Na sequência do post anterior sobre Peter Sis (Prémio Hans Christian Andersen 2012 na categoria de Ilustrador), é mais do que justo lembrar aqui o escritor distinguido com o seu equivalente na categoria de Autor, ambos anunciados ao mesmo tempo na última Feira do Livro Infantil de Bolonha, em Março.

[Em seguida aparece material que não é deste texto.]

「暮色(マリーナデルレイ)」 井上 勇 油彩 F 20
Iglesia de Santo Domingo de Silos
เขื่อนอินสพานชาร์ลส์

Se Peter Sis é ainda pouco conhecido entre nós, arrisco dizer que o nome de Maria Teresa Andruetto (Argentina, 1954) vai permanecer no limbo dos escritores incógnitos deste importante prémio, por força da quase inacessibilidade da sua obra – mesmo na vizinha Espanha – e do que na autora se evidencia como uma vinculação radical com a experiência interior e subjectiva que faz parte da pulsão literária. Ouça-se esta entrevista arquivada na Audiovideoteca de Buenos Aires ou este resumo breve da sua percepção da literatura para crianças e perceber-se-á melhor o que quero dizer.

Na Feira do Livro Infantil de Bolonha, depois do anúncio do prémio Andersen, houve uma corrida aos livros de Maria Teresa Andruetto. Mais facilmente se encontraria um elefante numa loja de porcelanas... Só o stand do IBBY tinha alguns títulos expostos – para consulta –, além de um dossier fotocopiado com informação sobre a escritora, incluindo entrevistas que podem ser lidas na net. É uma questão de pesquisar.

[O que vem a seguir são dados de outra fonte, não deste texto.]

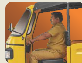
അതിവിശാലമായ ഡ്രൈവർ ക്യാബിൻ
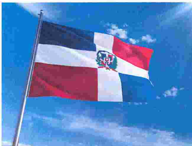
Imagen solo como referencia
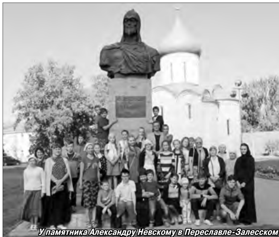
У памятника Александру Невскому в Переславле-Залесском

После фотографирования у памятника святому Александру ребята погуляли по крепостным валам и берегу озера Плещеево, где стоит замечательный храм Сорока севастианских

Em tudo o que ressoa de condescendência e lugares-comuns, o rótulo “infantil” assenta-lhe mal – e ainda bem. Precisamos de mais reflexão e autenticidade, já cá temos fancaria q.b.. Deixo um extracto do livro Hacia una Literatura sin Adjectivos (2009), esgotadíssimo, que ditei para o gravador e depois traduzi. Para Maria Teresa Andruetto, “a pessoa que somos está antes do escritor que poderemos vir a ser”, ideia que subscrevo inteiramente.

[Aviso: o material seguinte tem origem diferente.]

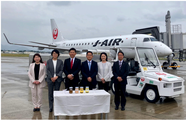
使用開始当日のフォトセッション(*1)
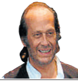
Paco de Lucía guitarrista 63
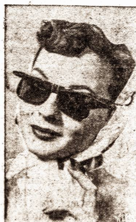
akiniai nuo saulės su dangteliais
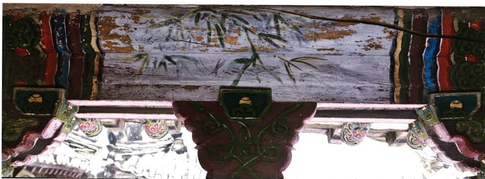
원통전 앞면 화반 3 / 圓通殿 前面 花盤 3 / front Hwaban 3, Wönt'ongjön hall
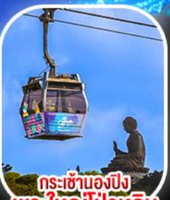
กระเช้าเองปีง พระใหญ่ไผ่หลิน

“Um escritor não pode definir-se pelas suas intenções, mas pelos seus resultados. Se algo têm em comum os bons escritores de todos os tempos é, justamente, o facto de terem pouco em comum uns com os outros; inclusivamente, às vezes, diferenciam-se ou opõem-se fortemente uns aos outros. Aparece então uma primeira certeza: um bom escritor é um escritor diferente dos outros escritores, alguém que pela essência mesma do que faz contraria a uniformidade que tende a impor-se – resiste, por assim dizer, ao global. Alguém preocupado em perseguir uma imagem do mundo e construir com ela uma obra que pretende universalizar a sua experiência. Olhando então para o que tem de mais privado e de mais pessoal, é como um escritor pode tornar-se universal. E este é o sentido que têm as conhecidas palavras de Tolstoi: pinta a tua aldeia e pintarás o mundo. A criação nasce então do particular, qualquer que seja a particularidade que, como ser humano, caiba a quem escreve. E é a focalização no pequeno que permite, pela via da metáfora, inferir o vasto mundo.”